## EXERCISE DIRECTIONS:
From the listing below, give again exactly the lines from the line with "Yeah, no problem." to the line with "不同品牌与不同车辆型号租金价格不同,甩手露营山地车租金最低26元一天,公路车最低38元一天;有需求可加181 0371 0448", ends included, without any pictures.

Top of RECORD EXTRACTS

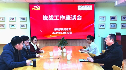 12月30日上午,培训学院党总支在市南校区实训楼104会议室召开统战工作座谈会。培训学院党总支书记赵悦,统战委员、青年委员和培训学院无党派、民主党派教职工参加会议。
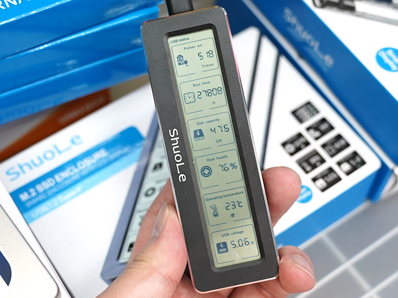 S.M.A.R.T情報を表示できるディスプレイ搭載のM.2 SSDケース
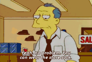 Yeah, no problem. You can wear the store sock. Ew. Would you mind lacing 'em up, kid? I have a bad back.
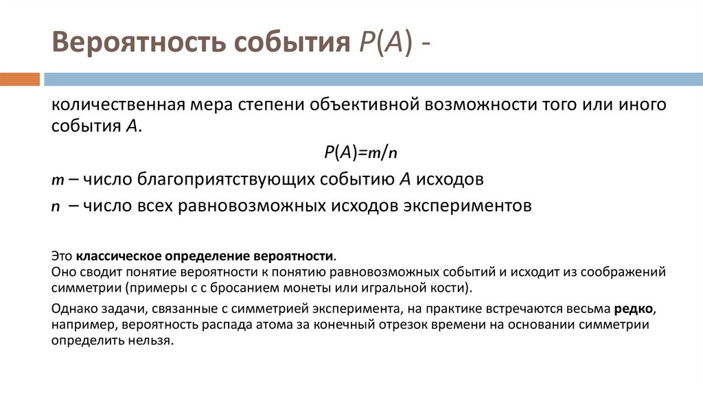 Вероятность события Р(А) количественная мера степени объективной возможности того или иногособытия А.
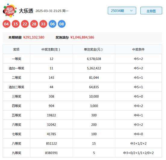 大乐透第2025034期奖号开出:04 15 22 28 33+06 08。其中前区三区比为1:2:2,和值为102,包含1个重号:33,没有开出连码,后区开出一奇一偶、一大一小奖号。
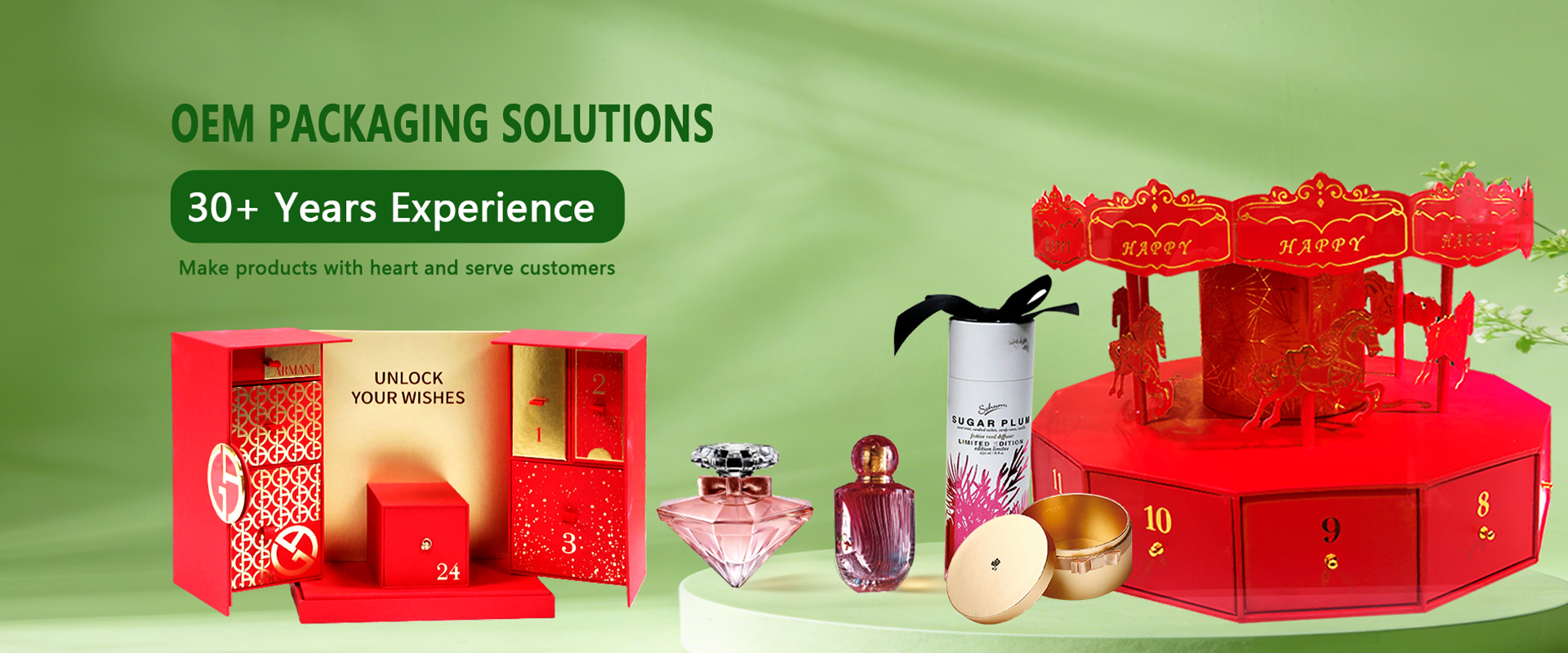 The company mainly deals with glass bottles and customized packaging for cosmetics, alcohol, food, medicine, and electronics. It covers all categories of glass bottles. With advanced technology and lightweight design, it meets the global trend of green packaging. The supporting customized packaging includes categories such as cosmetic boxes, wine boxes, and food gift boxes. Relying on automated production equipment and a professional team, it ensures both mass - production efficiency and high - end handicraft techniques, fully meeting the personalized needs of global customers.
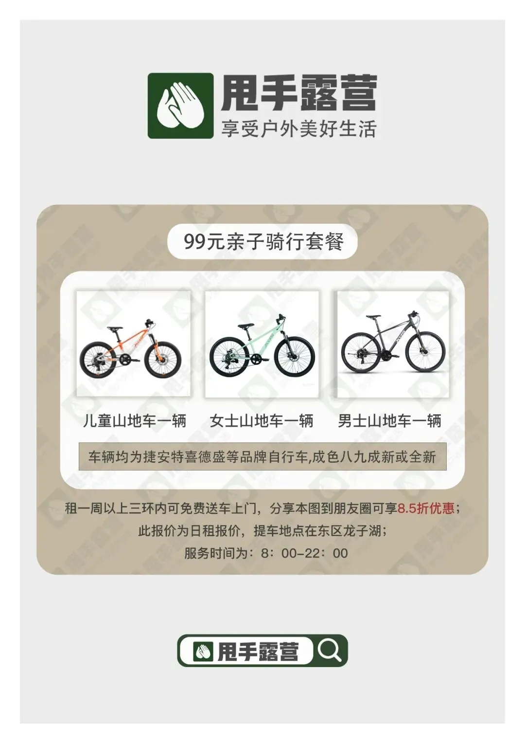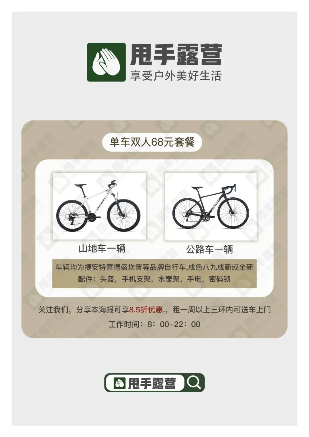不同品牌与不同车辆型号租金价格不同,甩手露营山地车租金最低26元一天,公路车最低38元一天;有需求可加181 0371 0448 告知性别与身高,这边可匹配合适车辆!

Bottom of RECORD EXTRACTS
Top of RECORD EXTRACTS

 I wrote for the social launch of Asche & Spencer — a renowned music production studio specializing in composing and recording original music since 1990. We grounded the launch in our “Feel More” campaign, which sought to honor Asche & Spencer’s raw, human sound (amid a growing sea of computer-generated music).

Bottom of RECORD EXTRACTS

## EXPECTED ANSWER:
 Yeah, no problem. You can wear the store sock. Ew. Would you mind lacing 'em up, kid? I have a bad back.
 Вероятность события Р(А) количественная мера степени объективной возможности того или иногособытия А.
 大乐透第2025034期奖号开出:04 15 22 28 33+06 08。其中前区三区比为1:2:2,和值为102,包含1个重号:33,没有开出连码,后区开出一奇一偶、一大一小奖号。
 The company mainly deals with glass bottles and customized packaging for cosmetics, alcohol, food, medicine, and electronics. It covers all categories of glass bottles. With advanced technology and lightweight design, it meets the global trend of green packaging. The supporting customized packaging includes categories such as cosmetic boxes, wine boxes, and food gift boxes. Relying on automated production equipment and a professional team, it ensures both mass - production efficiency and high - end handicraft techniques, fully meeting the personalized needs of global customers.
不同品牌与不同车辆型号租金价格不同,甩手露营山地车租金最低26元一天,公路车最低38元一天;有需求可加181 0371 0448 告知性别与身高,这边可匹配合适车辆!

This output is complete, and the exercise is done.